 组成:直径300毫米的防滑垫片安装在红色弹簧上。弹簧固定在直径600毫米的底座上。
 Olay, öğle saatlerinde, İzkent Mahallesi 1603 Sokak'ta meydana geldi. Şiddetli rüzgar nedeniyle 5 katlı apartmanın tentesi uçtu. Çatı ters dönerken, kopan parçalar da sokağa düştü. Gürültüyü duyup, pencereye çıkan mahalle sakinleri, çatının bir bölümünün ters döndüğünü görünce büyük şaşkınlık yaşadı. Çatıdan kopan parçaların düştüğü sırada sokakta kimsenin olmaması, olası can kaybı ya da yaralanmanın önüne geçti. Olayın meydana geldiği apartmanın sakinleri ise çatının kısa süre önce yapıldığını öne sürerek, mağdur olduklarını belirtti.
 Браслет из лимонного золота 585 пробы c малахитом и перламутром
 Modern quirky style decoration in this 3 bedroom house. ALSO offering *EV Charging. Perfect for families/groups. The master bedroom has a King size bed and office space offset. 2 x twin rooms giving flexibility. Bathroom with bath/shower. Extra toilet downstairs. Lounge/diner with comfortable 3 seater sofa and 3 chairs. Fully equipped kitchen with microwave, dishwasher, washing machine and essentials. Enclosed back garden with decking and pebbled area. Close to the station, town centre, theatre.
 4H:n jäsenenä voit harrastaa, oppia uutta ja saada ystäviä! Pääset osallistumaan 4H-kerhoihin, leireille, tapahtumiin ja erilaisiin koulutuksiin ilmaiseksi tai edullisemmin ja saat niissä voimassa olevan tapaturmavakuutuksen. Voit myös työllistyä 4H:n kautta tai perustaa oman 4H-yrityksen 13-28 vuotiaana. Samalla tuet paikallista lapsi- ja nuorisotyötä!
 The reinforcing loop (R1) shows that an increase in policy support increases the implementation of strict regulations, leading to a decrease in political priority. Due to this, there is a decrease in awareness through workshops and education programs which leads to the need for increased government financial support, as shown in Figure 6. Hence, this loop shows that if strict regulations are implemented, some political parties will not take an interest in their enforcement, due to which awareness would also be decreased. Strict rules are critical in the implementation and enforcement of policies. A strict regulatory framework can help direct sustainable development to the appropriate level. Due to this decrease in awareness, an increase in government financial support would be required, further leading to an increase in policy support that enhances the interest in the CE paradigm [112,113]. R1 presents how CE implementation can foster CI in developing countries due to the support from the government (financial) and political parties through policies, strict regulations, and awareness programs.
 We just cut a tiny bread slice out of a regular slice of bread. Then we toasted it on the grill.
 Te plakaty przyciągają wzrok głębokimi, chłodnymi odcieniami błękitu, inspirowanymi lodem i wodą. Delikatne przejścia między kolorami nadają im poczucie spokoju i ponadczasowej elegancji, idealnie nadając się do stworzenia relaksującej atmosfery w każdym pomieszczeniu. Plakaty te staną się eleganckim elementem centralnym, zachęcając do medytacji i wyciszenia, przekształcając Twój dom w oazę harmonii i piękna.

==*==

The full listing above needs to be given again exactly.

 组成:直径300毫米的防滑垫片安装在红色弹簧上。弹簧固定在直径600毫米的底座上。
 Olay, öğle saatlerinde, İzkent Mahallesi 1603 Sokak'ta meydana geldi. Şiddetli rüzgar nedeniyle 5 katlı apartmanın tentesi uçtu. Çatı ters dönerken, kopan parçalar da sokağa düştü. Gürültüyü duyup, pencereye çıkan mahalle sakinleri, çatının bir bölümünün ters döndüğünü görünce büyük şaşkınlık yaşadı. Çatıdan kopan parçaların düştüğü sırada sokakta kimsenin olmaması, olası can kaybı ya da yaralanmanın önüne geçti. Olayın meydana geldiği apartmanın sakinleri ise çatının kısa süre önce yapıldığını öne sürerek, mağdur olduklarını belirtti.
 Браслет из лимонного золота 585 пробы c малахитом и перламутром
 Modern quirky style decoration in this 3 bedroom house. ALSO offering *EV Charging. Perfect for families/groups. The master bedroom has a King size bed and office space offset. 2 x twin rooms giving flexibility. Bathroom with bath/shower. Extra toilet downstairs. Lounge/diner with comfortable 3 seater sofa and 3 chairs. Fully equipped kitchen with microwave, dishwasher, washing machine and essentials. Enclosed back garden with decking and pebbled area. Close to the station, town centre, theatre.
 4H:n jäsenenä voit harrastaa, oppia uutta ja saada ystäviä! Pääset osallistumaan 4H-kerhoihin, leireille, tapahtumiin ja erilaisiin koulutuksiin ilmaiseksi tai edullisemmin ja saat niissä voimassa olevan tapaturmavakuutuksen. Voit myös työllistyä 4H:n kautta tai perustaa oman 4H-yrityksen 13-28 vuotiaana. Samalla tuet paikallista lapsi- ja nuorisotyötä!
 The reinforcing loop (R1) shows that an increase in policy support increases the implementation of strict regulations, leading to a decrease in political priority. Due to this, there is a decrease in awareness through workshops and education programs which leads to the need for increased government financial support, as shown in Figure 6. Hence, this loop shows that if strict regulations are implemented, some political parties will not take an interest in their enforcement, due to which awareness would also be decreased. Strict rules are critical in the implementation and enforcement of policies. A strict regulatory framework can help direct sustainable development to the appropriate level. Due to this decrease in awareness, an increase in government financial support would be required, further leading to an increase in policy support that enhances the interest in the CE paradigm [112,113]. R1 presents how CE implementation can foster CI in developing countries due to the support from the government (financial) and political parties through policies, strict regulations, and awareness programs.
 We just cut a tiny bread slice out of a regular slice of bread. Then we toasted it on the grill.
 Te plakaty przyciągają wzrok głębokimi, chłodnymi odcieniami błękitu, inspirowanymi lodem i wodą. Delikatne przejścia między kolorami nadają im poczucie spokoju i ponadczasowej elegancji, idealnie nadając się do stworzenia relaksującej atmosfery w każdym pomieszczeniu. Plakaty te staną się eleganckim elementem centralnym, zachęcając do medytacji i wyciszenia, przekształcając Twój dom w oazę harmonii i piękna.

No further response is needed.